French forces have killed a top jihadist group leader, Yahya Abou El Hamame, in an operation in Mali, French Minister of the Armed Forces Florence Parly said Friday.

The Algerian, believed to be the deputy leader of the Support Group for Islam and Muslims (JNIM), was reputedly responsible for kidnapping a number of Westerners in North and West Africa.

El Hamame was believed to be second in command of JNIM, also known as Nusrat al-Islam, led by Iyad Ag Ghali.

JNIM is Al-Qaeda in the Islamic Maghreb’s branch in Mali, and was formed in 2017 by the merger of several smaller groups including the Sahara branch of AQIM, Ansar Dine and Al-Mourabitoun. Its leadership has pledged allegiance to Al-Qaeda leader Ayman al-Zawahiri.

A ministry statement issued in Paris said he was “the mastermind and financer of several attacks.”

El Hamame was killed Thursday, February 21 when French land and air forces ambushed a column of vehicles he was traveling with north of Timbuktu, Parly said.

The defense ministry said that a Reaper drone supported the operation.

He reportedly served as AQIM’s “governor” in Timbuktu when the city was held by Islamist rebels from April 2012 to January 2013.

A number of other “terrorists” were “neutralized,” Parly added.

Parly later tweeted that Hamame was “identified in a group of vehicles” before the operation.

The operation was announced as Parly, Prime Minister Edouard Philippe and Foreign Minister Jean-Yves Le Drian were due to visit Mali, where some 4,500 French troops have been deployed since 2014.

The recent unrest in the Sahel began in Mali in 2012 with Tuareg separatist uprising against the state, which was exploited by Islamist extremists linked to al-Qaeda who took key cities in the desert north.

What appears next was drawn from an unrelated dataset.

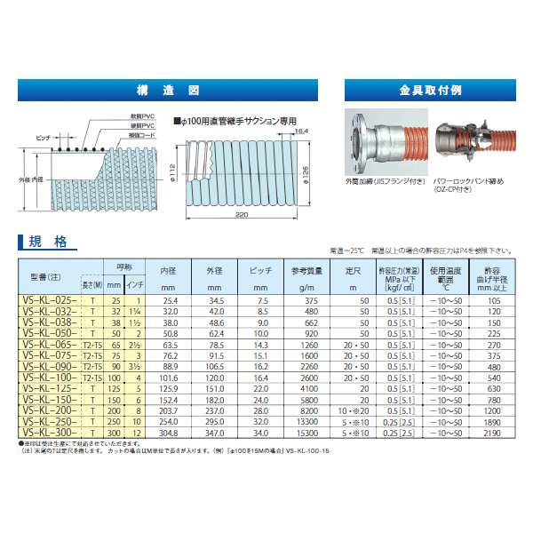 ■特徴 ●補強コード入りで最大許容圧力0.490MPa耐圧性能をそなえています ●軽量でフレキシブルなホースです ●V.S.ホースの耐圧タイプです ■用途 ●一般用デリバリー・サクション用 ●水中ポンプの立上り、急傾斜、ホースの吊り下げ状態などの用途に ●ダンバー車のサクション用に ■仕様 ●呼称:50 ●内径(mm):50.8 ●外径(mm):62.4 ●ピッチ(mm):10 ●参考質量(g/m):920 ●許容圧力(MPa以下)[kgf/cm2]:0.49[5.0] ●減圧変形温度(-0.098MPa時):70 ●許容曲げ半径(mm):225 検索用:カナフレ kanaflex 耐圧ホース 工業用 土木用 50径 50×1m

France began its Operation Serval military intervention in its former colony early the next year, driving the jihadists from the towns, but the militant groups morphed into more nimble formations operating in rural areas, sometimes winning over local populations by providing basic services and protection from bandits.

The insurgency has gradually spread to central and southern regions of Mali, and across the borders into neighboring Burkina Faso and Niger.

Large swathes of the country remain outside government control, despite a 2015 peace accord designed to isolate the Islamists.

The French mission evolved into the current Operation Barkhane, which has roughly 4,500 French personnel deployed with a mandate for counter-terrorism operations across the region.

Troops deployed to Barkhane work alongside the U.N. Minusma stabilization mission in Mali, which began in 2013 and has about 12,000 troops and 1,750 police deployed, as well as the G5 Sahel joint counter-terrorism force that aims to train and deploy up to 5,000 personnel.